[Data entries]
• • • • • • •

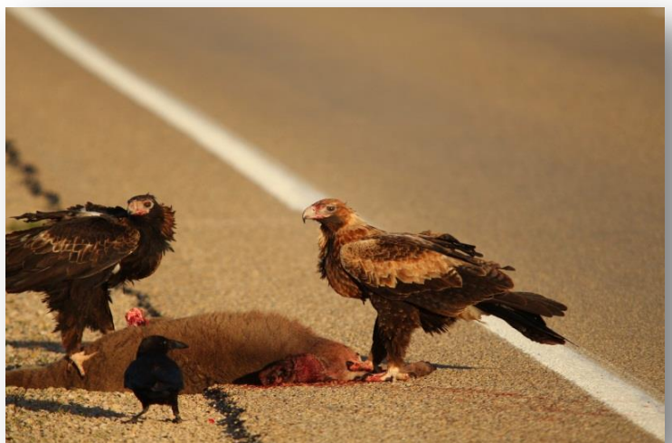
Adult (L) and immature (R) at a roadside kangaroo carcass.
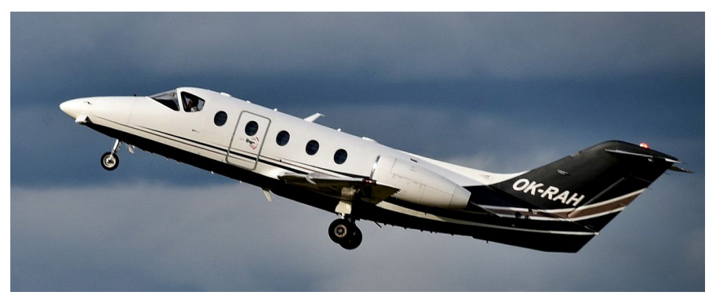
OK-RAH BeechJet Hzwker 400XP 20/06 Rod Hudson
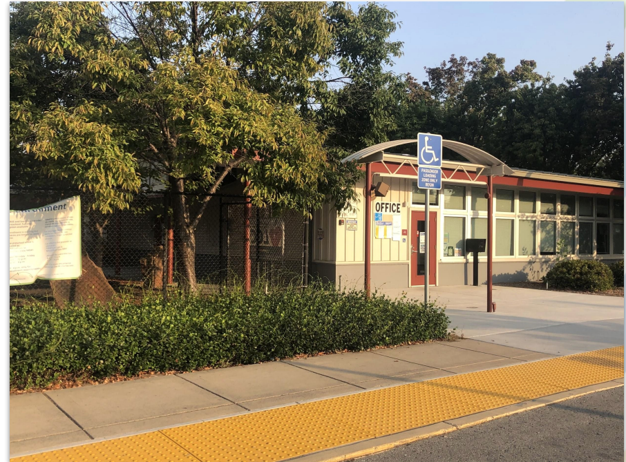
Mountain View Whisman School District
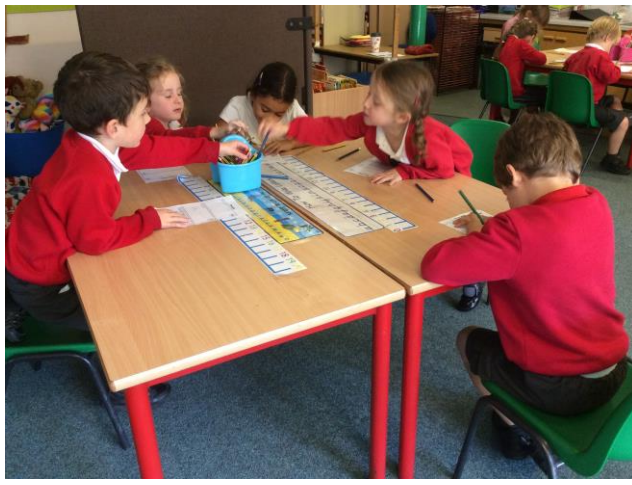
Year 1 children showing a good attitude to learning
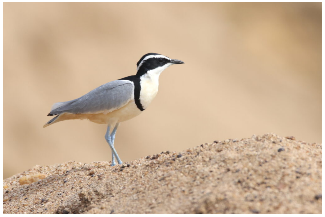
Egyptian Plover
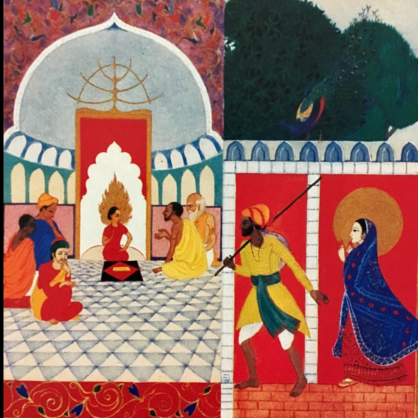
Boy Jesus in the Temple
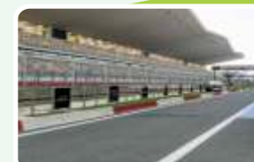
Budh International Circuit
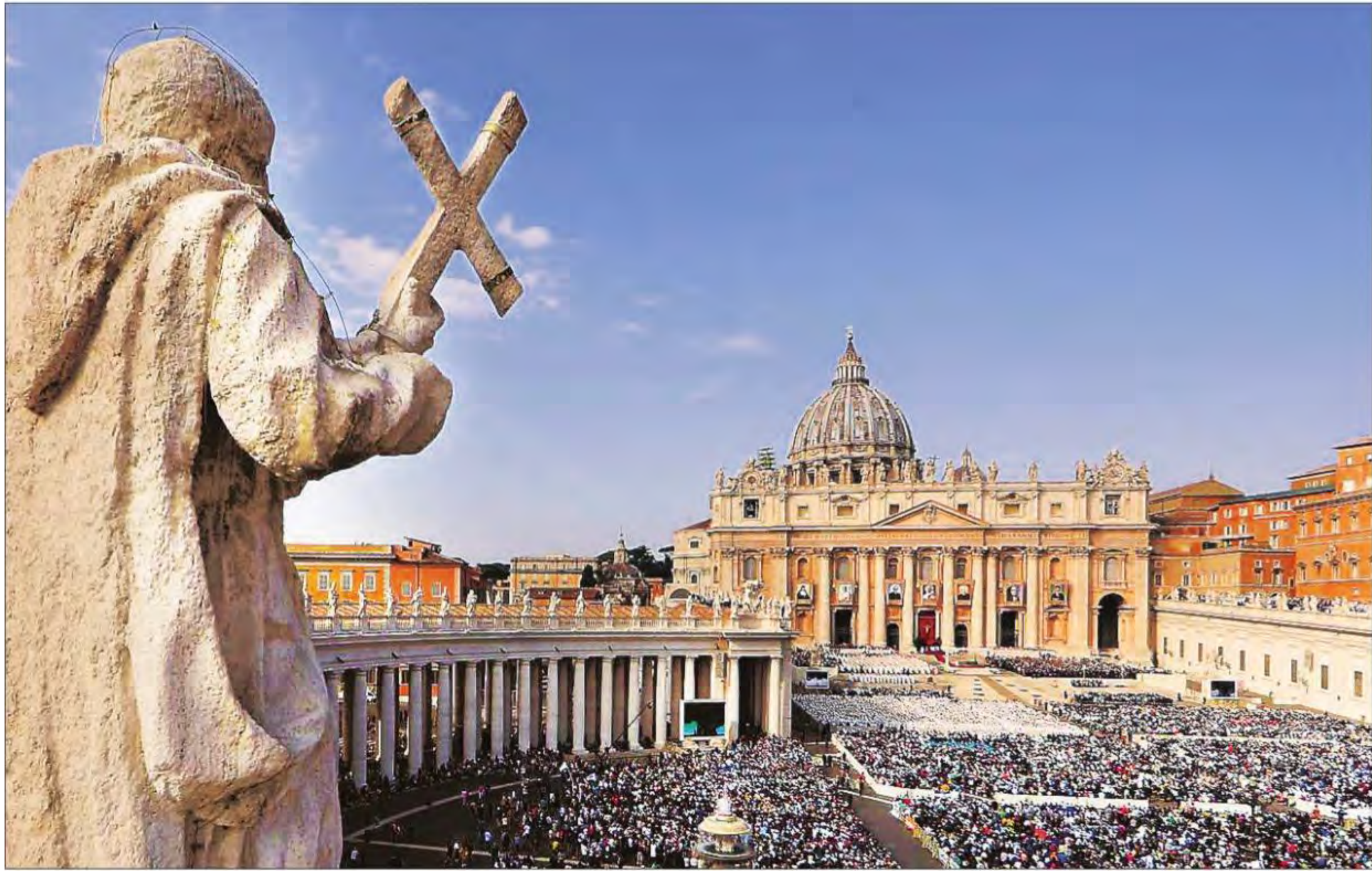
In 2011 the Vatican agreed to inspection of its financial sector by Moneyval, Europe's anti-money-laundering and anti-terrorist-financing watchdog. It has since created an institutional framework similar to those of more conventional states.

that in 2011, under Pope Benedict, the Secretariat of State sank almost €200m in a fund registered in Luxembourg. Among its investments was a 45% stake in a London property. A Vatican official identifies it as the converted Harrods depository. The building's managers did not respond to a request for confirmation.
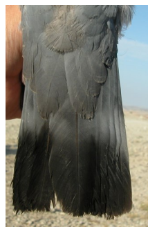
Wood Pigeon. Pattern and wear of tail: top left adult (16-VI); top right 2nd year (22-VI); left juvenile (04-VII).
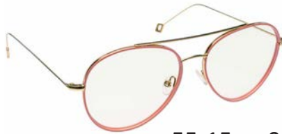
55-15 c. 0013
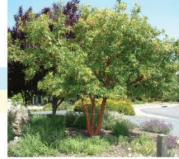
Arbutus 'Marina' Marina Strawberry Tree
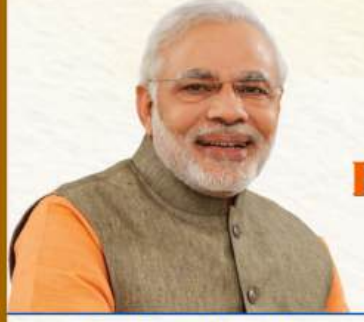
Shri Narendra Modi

• • • • • • •

Work required:
When copying from the data above, begin at the line containing "Year 1 children" and end at the line containing "Budh International Circuit"; return those lines exactly and leave all pictures behind.

Exercise result:
Year 1 children showing a good attitude to learning
Egyptian Plover
Boy Jesus in the Temple
Budh International Circuit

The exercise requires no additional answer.